* **Supplied data**:
+ + + + + + +

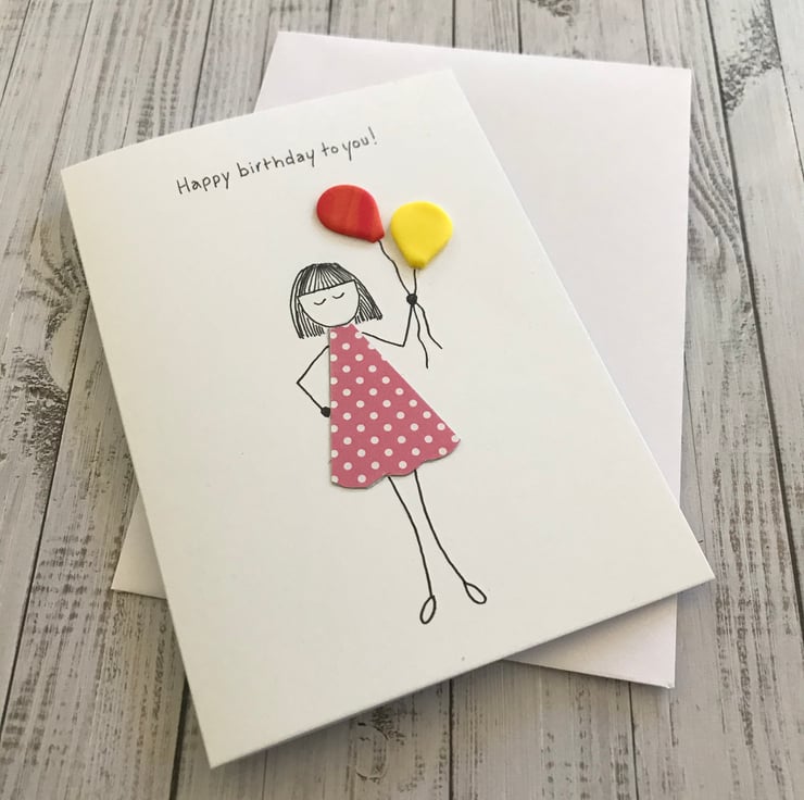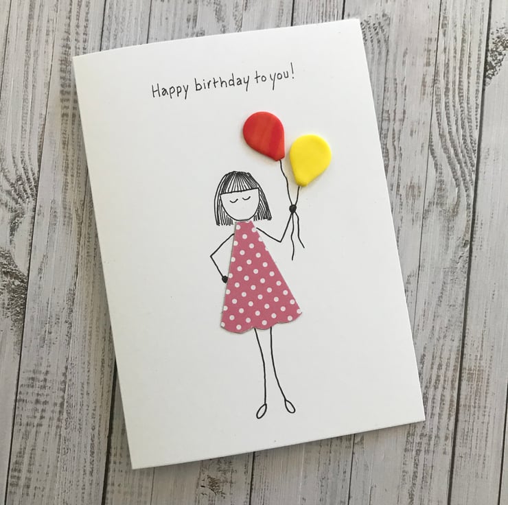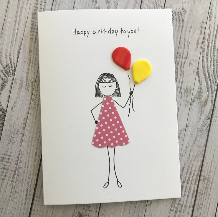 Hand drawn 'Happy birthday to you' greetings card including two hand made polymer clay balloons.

+ + + + + + +

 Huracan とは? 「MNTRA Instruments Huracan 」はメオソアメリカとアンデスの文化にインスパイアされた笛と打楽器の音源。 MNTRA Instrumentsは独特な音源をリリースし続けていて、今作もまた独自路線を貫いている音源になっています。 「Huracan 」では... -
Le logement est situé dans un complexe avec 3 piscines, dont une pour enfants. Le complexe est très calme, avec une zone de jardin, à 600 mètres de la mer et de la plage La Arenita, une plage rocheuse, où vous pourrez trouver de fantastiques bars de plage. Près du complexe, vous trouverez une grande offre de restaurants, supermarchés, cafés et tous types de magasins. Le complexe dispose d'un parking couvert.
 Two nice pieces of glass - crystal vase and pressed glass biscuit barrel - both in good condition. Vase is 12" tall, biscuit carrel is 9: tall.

+ + + + + + +

* **Aim of the exercise**: Please give back, exactly as it stands above, the stretch from the line with "Huracan とは? 「MNTRA" through the line with "Two nice pieces", and no line outside it.

* **Solution**:
 Huracan とは? 「MNTRA Instruments Huracan 」はメオソアメリカとアンデスの文化にインスパイアされた笛と打楽器の音源。 MNTRA Instrumentsは独特な音源をリリースし続けていて、今作もまた独自路線を貫いている音源になっています。 「Huracan 」では... -
Le logement est situé dans un complexe avec 3 piscines, dont une pour enfants. Le complexe est très calme, avec une zone de jardin, à 600 mètres de la mer et de la plage La Arenita, une plage rocheuse, où vous pourrez trouver de fantastiques bars de plage. Près du complexe, vous trouverez une grande offre de restaurants, supermarchés, cafés et tous types de magasins. Le complexe dispose d'un parking couvert.
 Two nice pieces of glass - crystal vase and pressed glass biscuit barrel - both in good condition. Vase is 12" tall, biscuit carrel is 9: tall.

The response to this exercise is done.